Oral therapy using antioxidants like alpha lipoic acid and lycopene has been used as the first-line drug for OSMF. Lycopene has antioxidant, anti-inflammatory, and antiproliferative action. It prevents the damage caused by reactive free radicals to cells and their components [26]. In recent years novel oral drug therapies for OSMF have included; zinc acetate tablets for 4 months, 50 mg (8 hourly for 2-3 months), and vitamin A (25,000 IU once daily) [18]. Other drugs like salvianolic acid B, turmeric, colchicine, immunomodulatory drug levamisole, vasodilator pentoxifylline, spirulina, interferon gamma, herbal antioxidants and aloe-vera have shown promising result [7, 27, 28].

Various drugs act by varying mechanisms to relieve the symptoms of OSMF. Thus, this study was performed to assess the role of oral multi-drug therapy using lycopene, beta-carotene, zinc, selenium, copper, alpha-lipoic acid, and alpha-tocopheryl acetate for the management of OSMF.  Lycopene, alpha-lipoic acid, and beta-carotene are strong anti-oxidant [24]. Alpha tocopheryl acetate has anticancer properties [29]. Trace elements like zinc, selenium, copper are essential for various cellular functions [30]. Zinc enhances immunity by increasing the function of cell mediating innate immunity, NKs, and neutrophils.
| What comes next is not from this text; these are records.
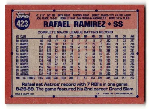 1991 Topps #423 Rafael Ramirez Houston Astros Baseball Cards EX/NM ID:54884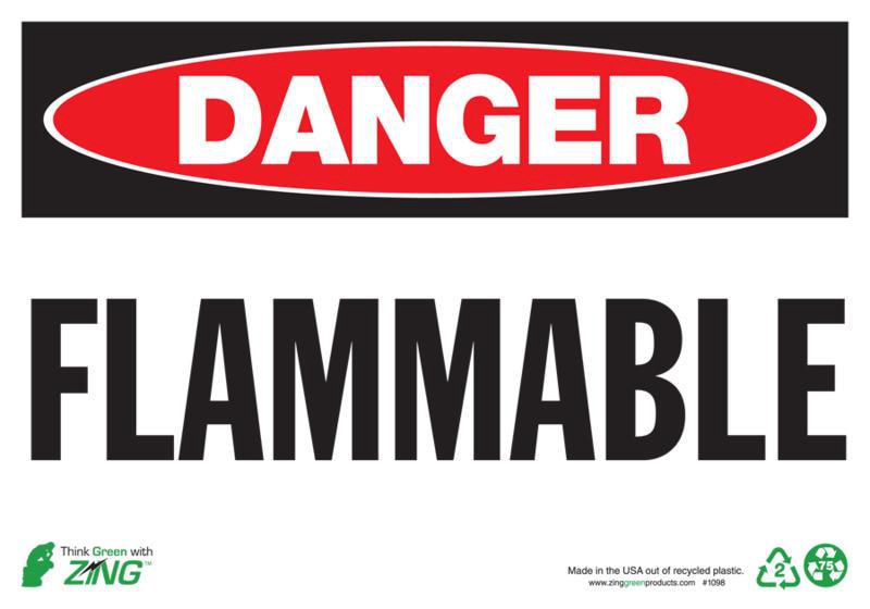 Sign Danger Flammable Plastic 7X10In^ Danger Sign, Recycled Plastic, Flammable, Pre-Drilled Mounting Holes & Adhesive Tabs, Impact And Uv Resistant, Ul Validated For Recycled Content, 7X10I
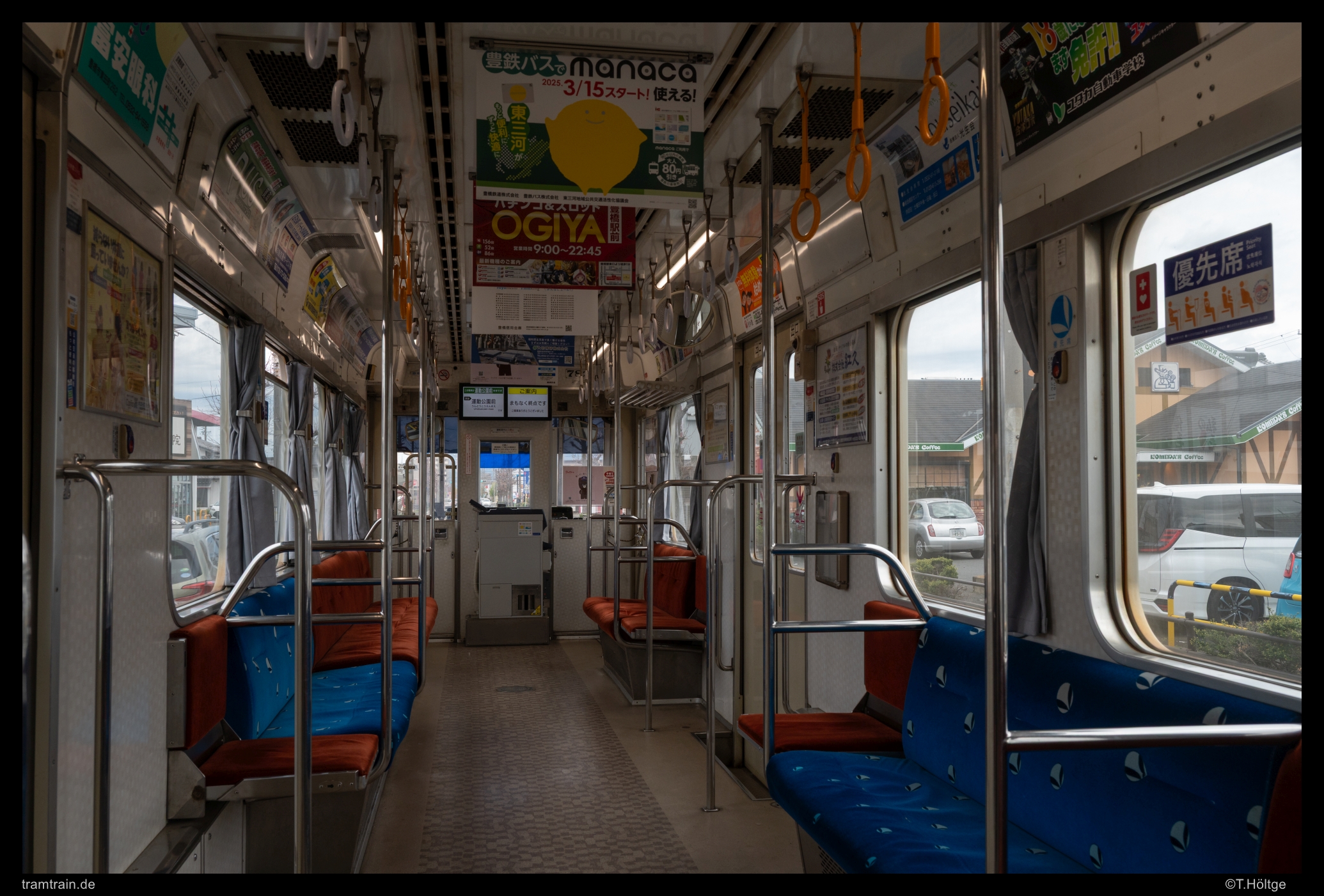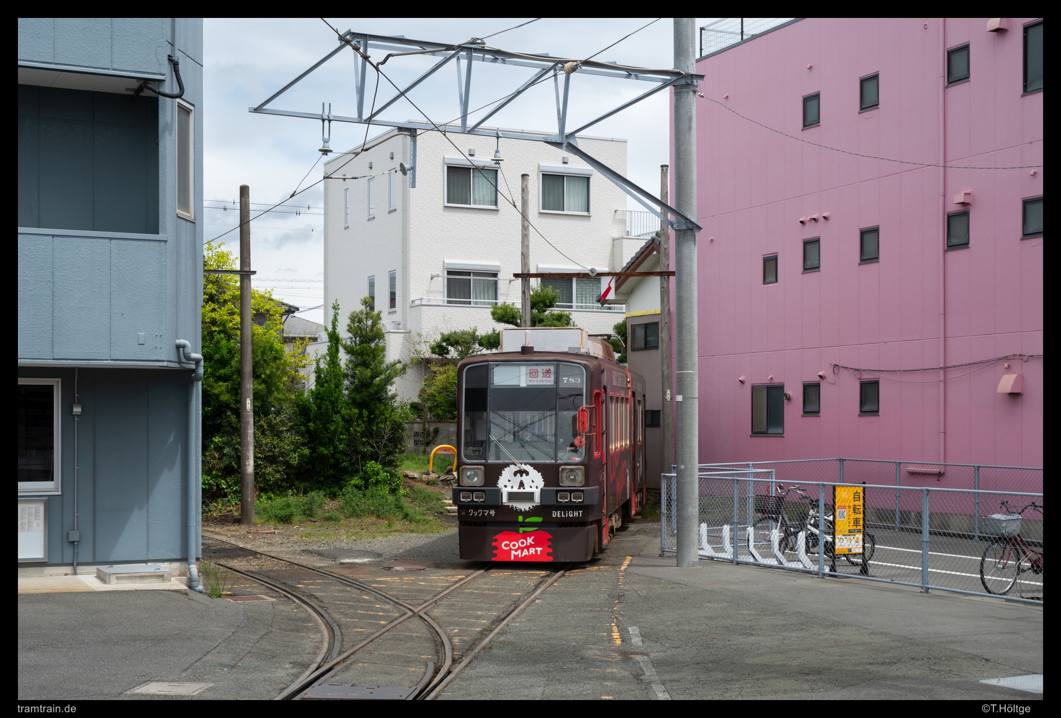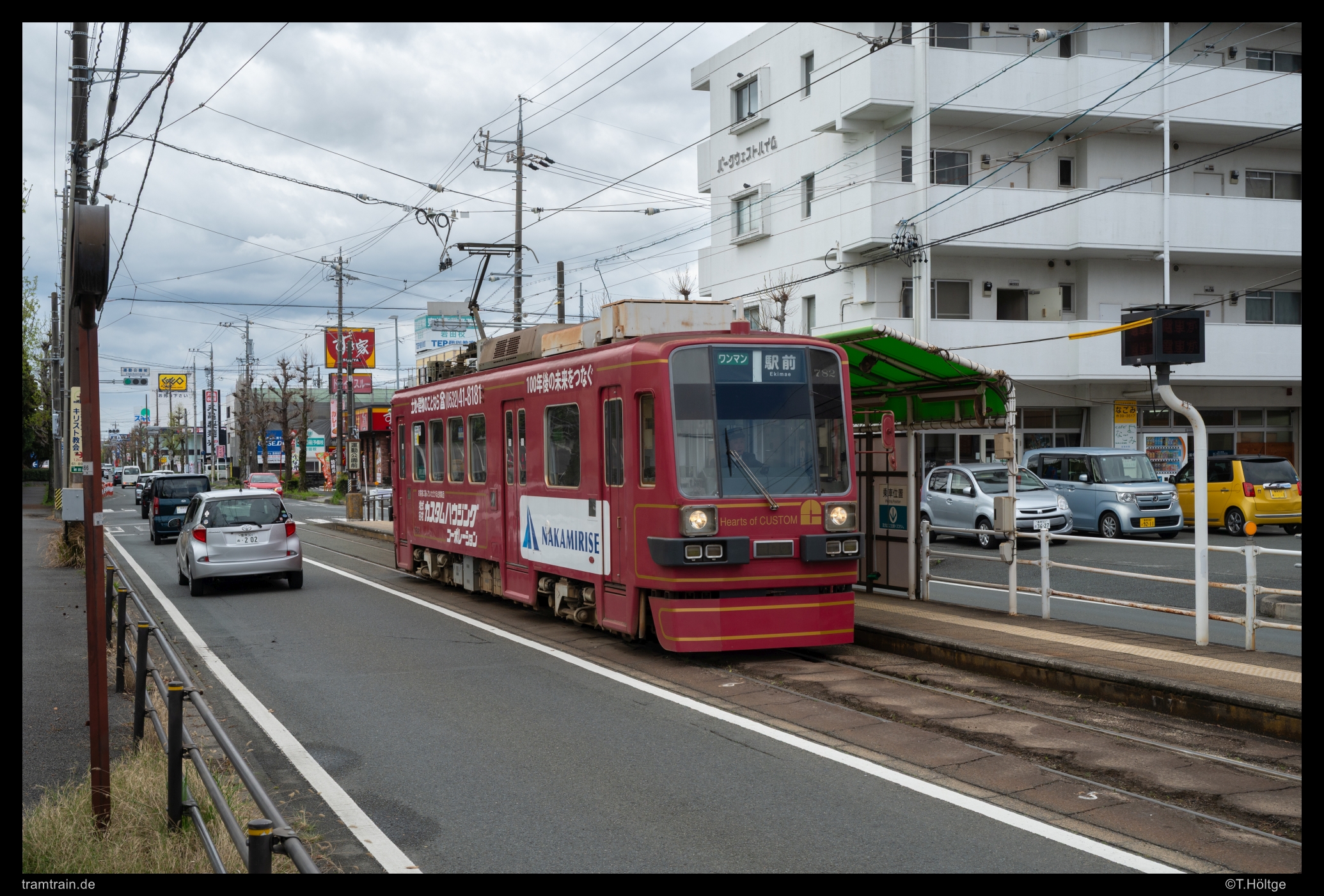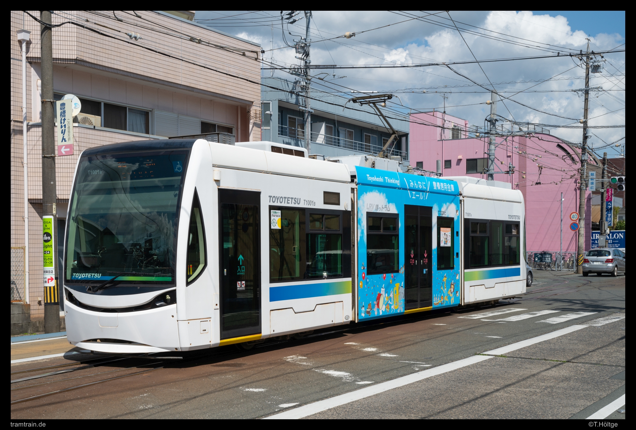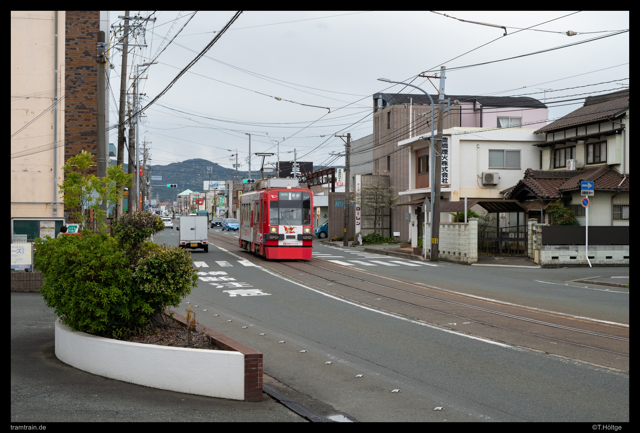 Toyohashi, an der Südküste und etwa auf mittiger Höhe von Honshu, 60km südlich von Nagoya gelegen, gehört zur Präfektur Aichi und zählt etwa 370.000 Einwohner. Selbst für diese Stadtgröße winzig mutet die 1925 eröffnete und heute 5,4 km lange Straßenbahn an. Ausgehend wie so oft vom Bahnhof am Tokaido-Shinkansen und der konventionellen Tokaido-Mainline in der Innenstadt, teilt sich die Strecke auf dem Weg in die östlichen Wohngebiete erst an der vorletzten Haltestelle Ihara. In einem 90-Grad-Winkel knickt hier die Strecke zur Endstation Undokoen-mae nach Süden ab, während geradeaus weiter die Strecke zum Depot an der Haltestelle Akaiwaguchi verläuft. Bemerkenswert an diesem Abzweig ist hauptsächlich der Kurven-Radius von lediglich 11m, womit es sich um die engste Straßenbahnkurve Japans handeln soll. Dies ist wohl auch der Grund, warum der neueste Niederflurwagen – ein dreiteiliger Multigelenker – nur auf der Linie zum Depot nach Akaiwaguchi eingesetzt werden kann.

It also increases cytokine production, macrophages, thereby aiding in phagocytosis and intercellular killing [31]. In this study multidrug combination therapy was administered to patients with very early (mouth opening >35 mm), early (mouth opening between 25-35mm), and moderately advanced stage of OSMF (mouth opening between 15-25mm). An increased mouth opening and reduced burning sensation were reported in all OSMF groups. Maximum improvement in mouth opening and relief from burning sensation was reported in cases with early-stage OSMF (group 2), which was statistically superior when compared with group 1 (very early stage) and group 2 (moderately advanced stage).

Conclusion

Oral multidrug therapy using a combination of lycopene, beta-carotene, zinc, selenium, copper, alpha-lipoic acid, alpha-tocopheryl acetate was effective in the improvement of burning sensation symptoms and mouth opening in OSMF patients. The combination therapy was most effective in patients with early-stage OSMF (mouth opening between 25 to 35 mm).

Acknowledgments: None

Conflict of interest: None

Financial support: None

Ethics statement: The study was conducted after approval (KIMSDU/IEC/04/201) from the institutional ethical committee of Krishna Institute of Medical Sciences Deemed to be University (KIMSDU/IEC/04/201).